### Data section:
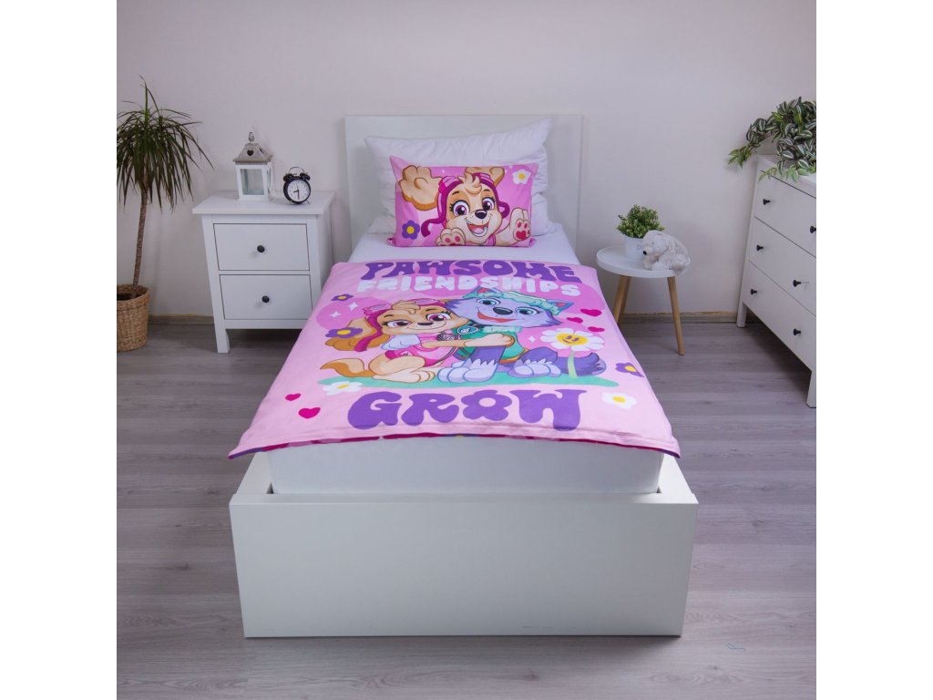 Obliečky majú obojstrannú potlač – každá strana má iný motív, takže môžete ľahko zmeniť vzhľad svojej postele podľa svojej nálady. Na prednej strane obliečok sú šteniatka Chase, Marshall a Rubble. Zadná strana je modrá s motívmi hviezd, odtlačkov labiek a náradia.
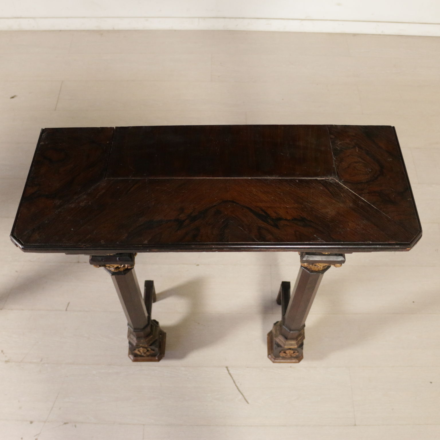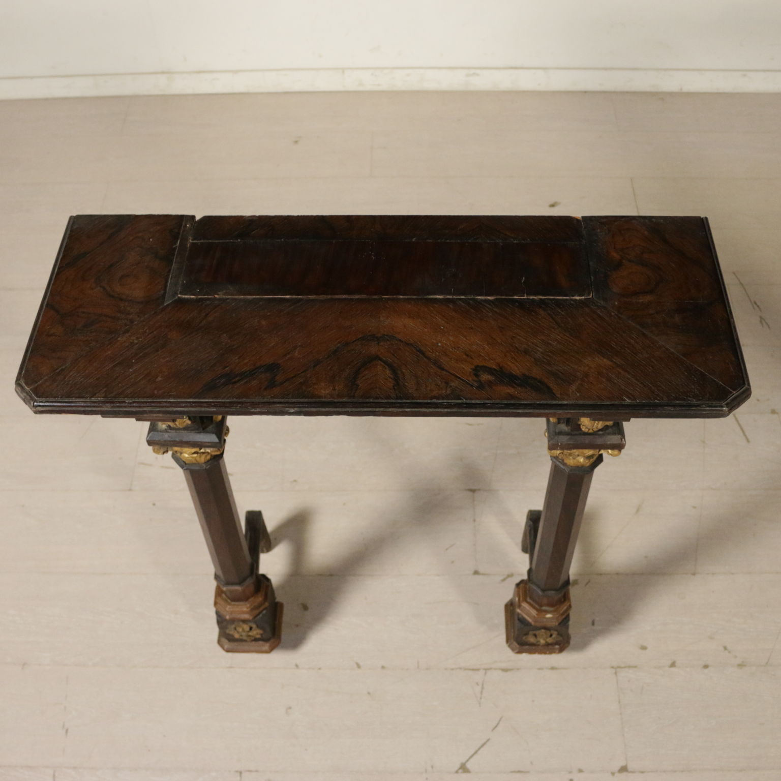 Par de consolas hechas a partir de la tabla de cortar y modificar, las piernas, de planta octogonal y dorado tallas.
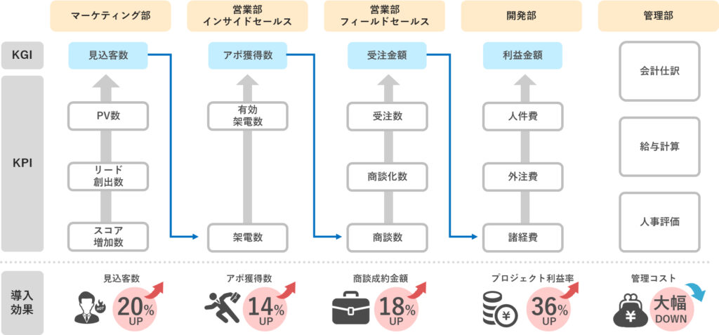 現場のリソースも含めた営業計画や予実管理を行うことで案件の成約率を向上。メンバーの稼働にあわせたプロジェクト管理により利益率が担保され、管理部門でのコスト削減とあわせて、全体的な利益率の向上につながりました。
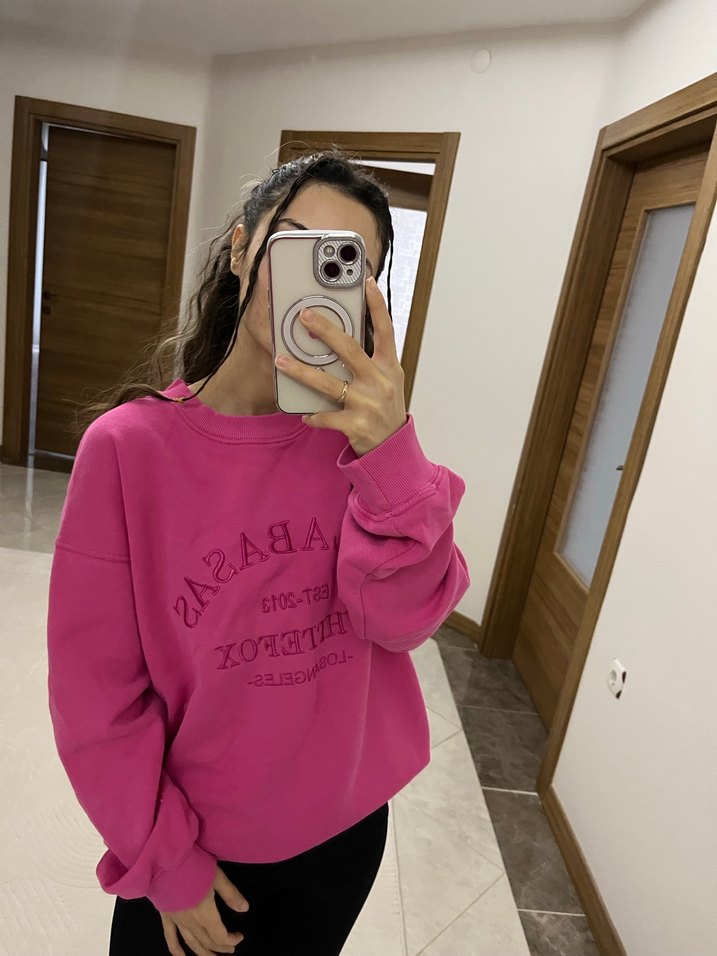 Pembe renkli, baskılı, yuvarlak yaka ve uzun kollu kadının sweatshirtü. Rahat kesimi ve yumuşak, sıcak kumaşıyla günlük kullanıma uygun şık bir parça. ✨

### Activity:
Once the line with "Par de consolas" is found, output it and every line after it through the end of the listing, exactly, without pictures.

### Exercise solution:
 Par de consolas hechas a partir de la tabla de cortar y modificar, las piernas, de planta octogonal y dorado tallas.
 現場のリソースも含めた営業計画や予実管理を行うことで案件の成約率を向上。メンバーの稼働にあわせたプロジェクト管理により利益率が担保され、管理部門でのコスト削減とあわせて、全体的な利益率の向上につながりました。
 Pembe renkli, baskılı, yuvarlak yaka ve uzun kollu kadının sweatshirtü. Rahat kesimi ve yumuşak, sıcak kumaşıyla günlük kullanıma uygun şık bir parça. ✨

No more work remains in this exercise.